また、先ほどのコメントにもある通り、生徒は著作権への配慮や、情報の信ぴょう性への配慮など、緊張感を持って作業に取り組めました。これはやはり、リアルな世界に発信すること、その重みというものを、子どもたち自身が考えてくれたのだと感じています。
それから、内容的に少し偏ったまとめ記事を書いてしまった生徒がいたのですが、それを公開したところ、NAVERまとめのほうから公開の差し止めを受けてしまったということがありました。事前にそういう対応をしてもらえたので、こちらとしては助かりましたが、やはり、そういった偏った記事を作ってしまう生徒は、少なからずいるという点については注意が必要です。
この問題に対しては、きちんと「こういう項目を満たしていますか」というチェックリストをこちらで用意する必要があったと思います。例えば3人の生徒に項目をチェックしてもらって、合格点が出たら初めて公開する、というように、生徒同士の相互チェックができるしくみをうまく授業の中で取り入れられればよかったと考えています。
相互チェックの手法を発展させると、引用しているだけのような作品についても、事前に生徒同士でコメントをもらい合いながら、もう少し中身を良くしていくこともできるのではないかと思いました。
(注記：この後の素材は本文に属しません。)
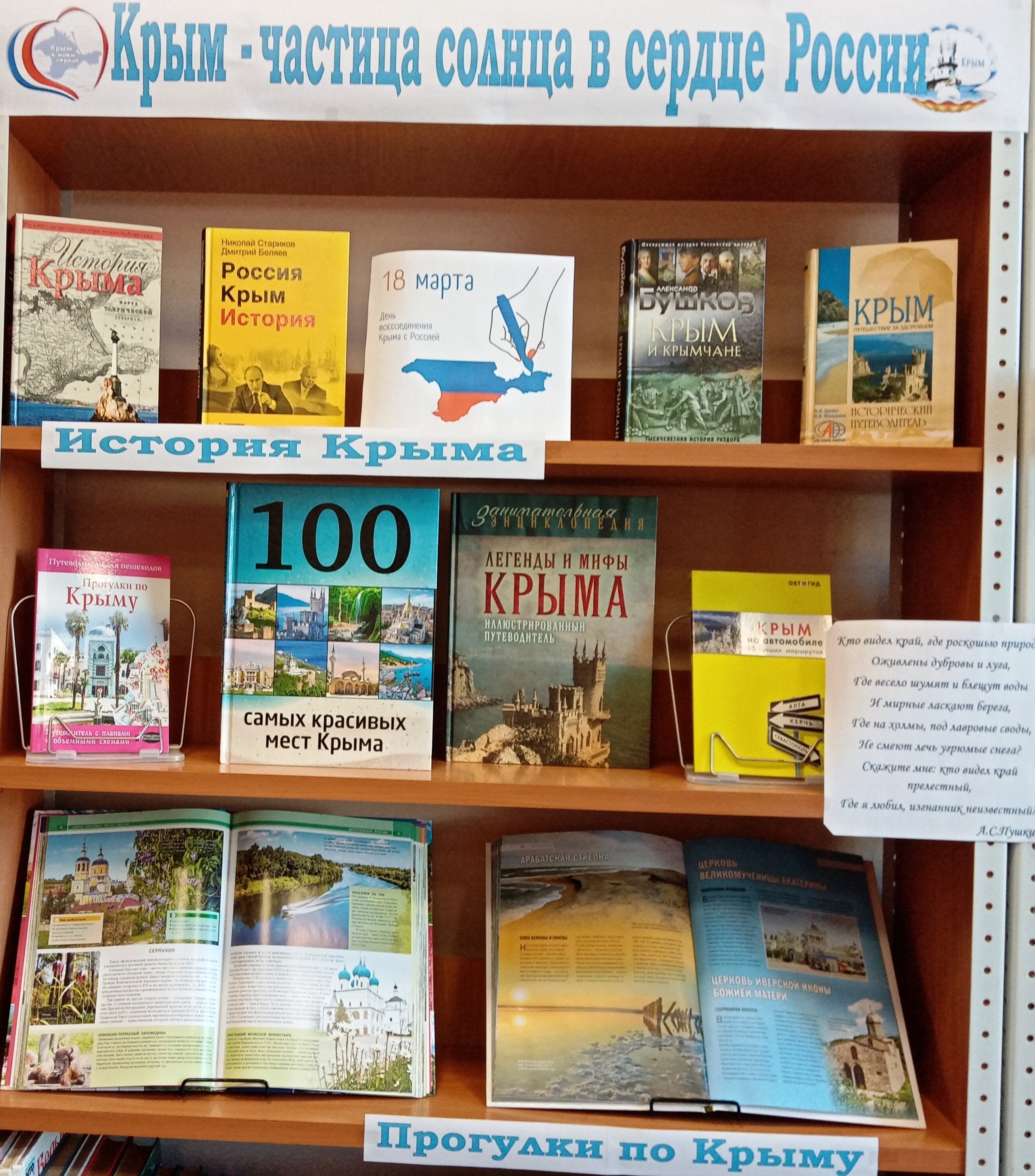 В преддверии Дня воссоединения Крыма с Россией на абонементе библиотеки открылась новая книжная выставка, посвященная этой солнечной земле.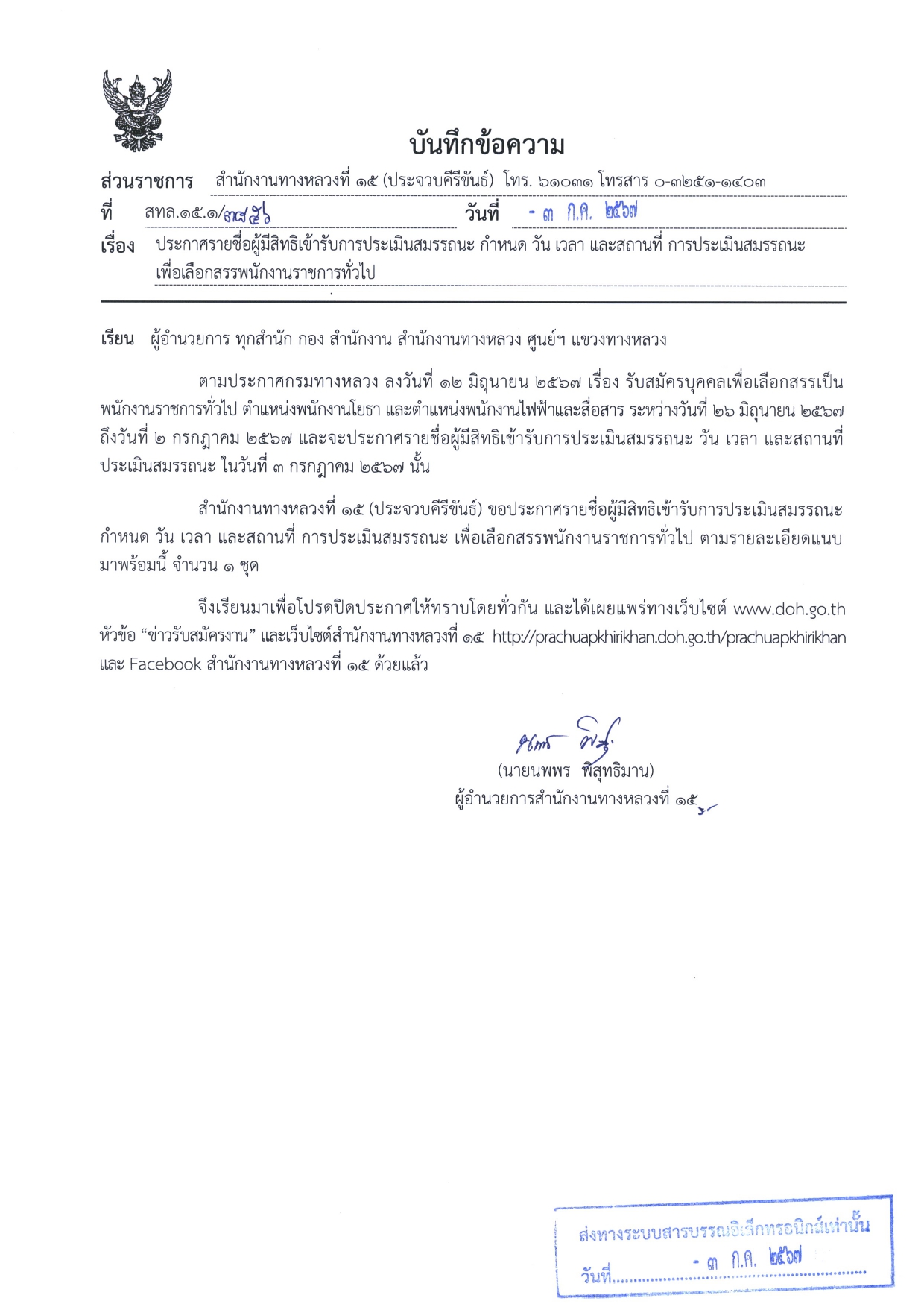3. ตำแหน่งพนักงานไฟฟ้าและสื่อสาร สังกัดแขวงทางหลวงเพชรบุรี จำนวน 1 อัตรา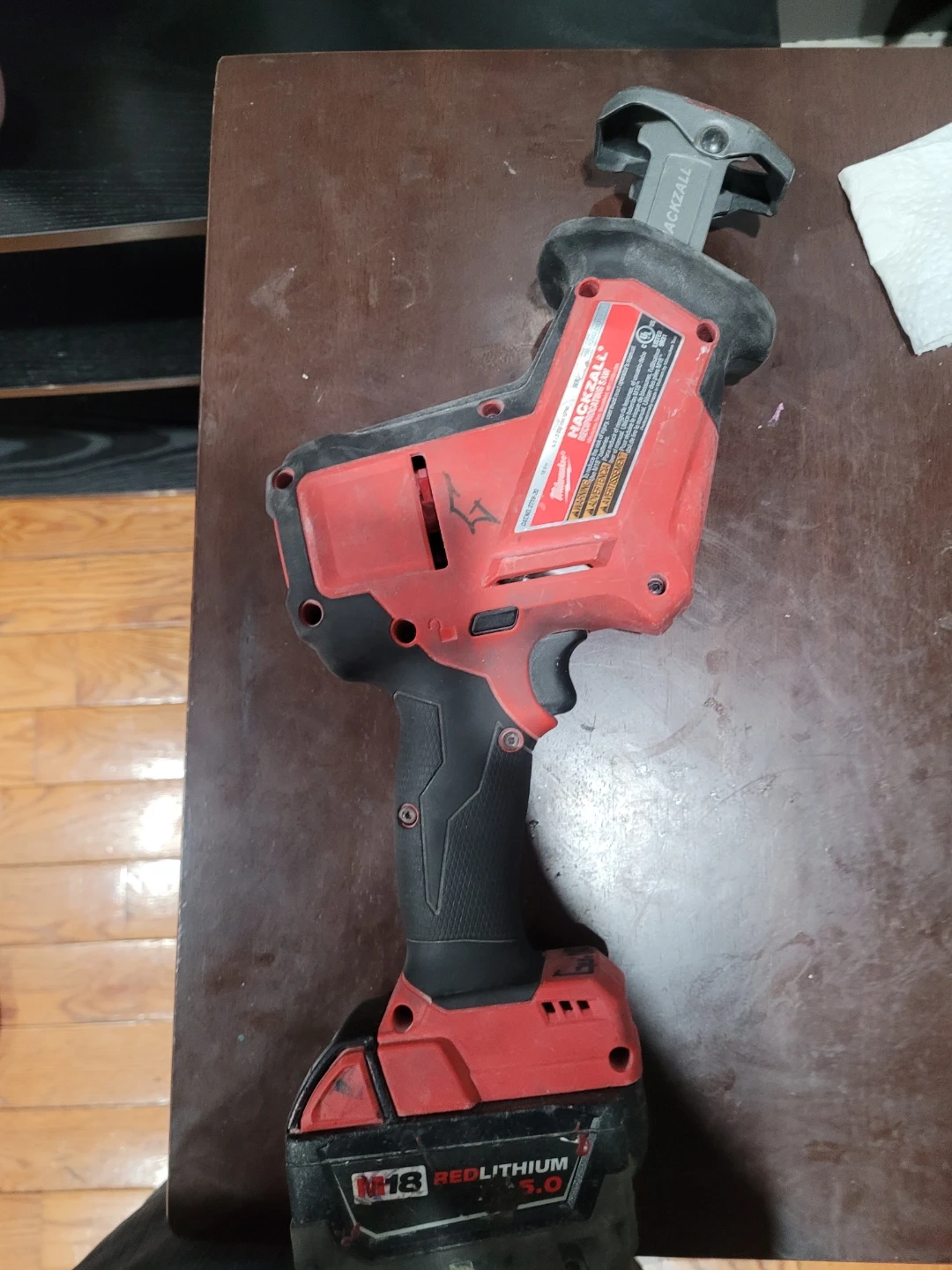 This is a Milwaukee M18 FUEL Sawzall reciprocating saw. It includes a Milwaukee M18 REDLITHIUM XC5.0 battery. This saw is designed for tough cutting jobs.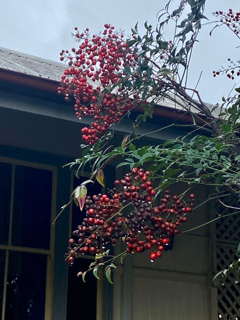 I love those raindrops suspended on the berries. The dew on the Poinsettias.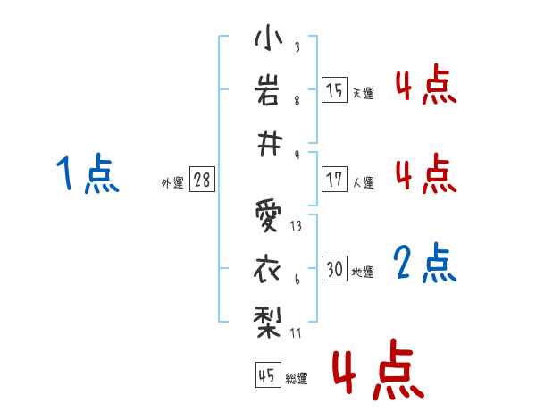 総運![]() | 小岩井愛衣梨さんの総運は45画の4つ星!もくもくと物事を進め達成する。地味な努力家。 あなたの人生を表す1番重要な運勢です。生涯を通じて影響する総合運となり、主に50歳以降の晩年期に影響を及ぼします。 |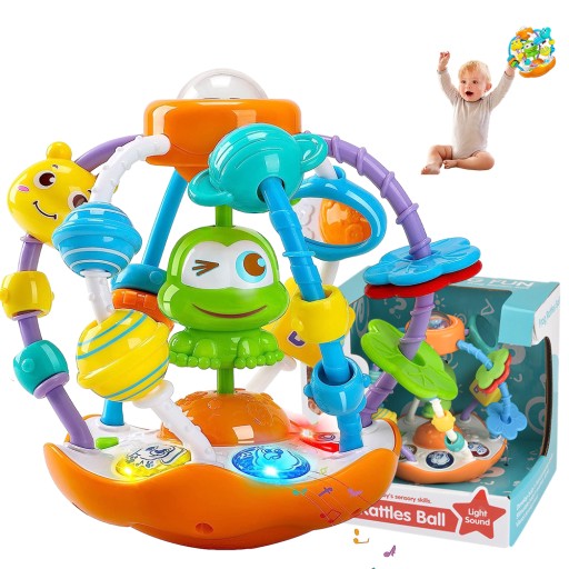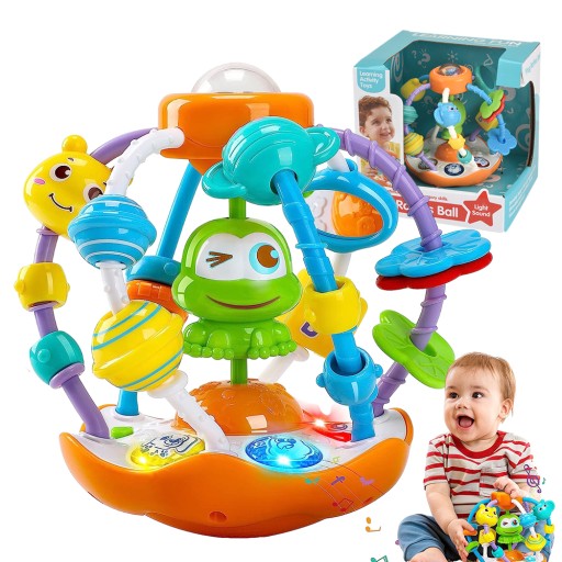 Urocza żabka mruga radośnie, śliczna kuleczka z koralikami do obracania, maleńkie bezpieczne lusterko kusi nieśmiało, a do tego wesołe dźwięki zwierzątek, melodyjki, kolory i światełka!

最後になりますが、科目「情報」の目標の三つの柱の一つに「情報社会に参画する態度を育成すること」がありますが、実際に学校現場の授業でリアルな世界に飛び込んでいくことは非常に少ないといえます。
今回は、生徒たちに「もしトラブルに巻き込まれたらまず私のところに相談にきてね」と、あらかじめ伝えた上で、ある程度、私もリスクをかぶる覚悟を持って実施しましたが、やはりリアルな世界に情報発信したことによって、生徒自身も緊張感を持ってやれたと思います。今回は、かなりチャレンジングな内容でしたが、得られたものは大きかったと感じています。
[質疑応答]
質問(高校教員):著作権の指導についてですが、ほかの画像を引用するときに、その画像を公開している人に、一回連絡を取って許可をもらってから載せる必要があるかと思いますが、出典元を明らかにしたら、もうそれでOKとされていたのでしょうか。
神藤先生:NAVERまとめの提供しているまとめ作成ツールを使用しました。画像の検索と引用はそのツールを利用して行っています。したがって、ツールの中で検索された使っていいものだけを引用するという形でしたので、許可を取る必要はありませんでした。もちろん、他のサイトから画像をダウンロードして、それをアップロードするという行為は固く禁止しました。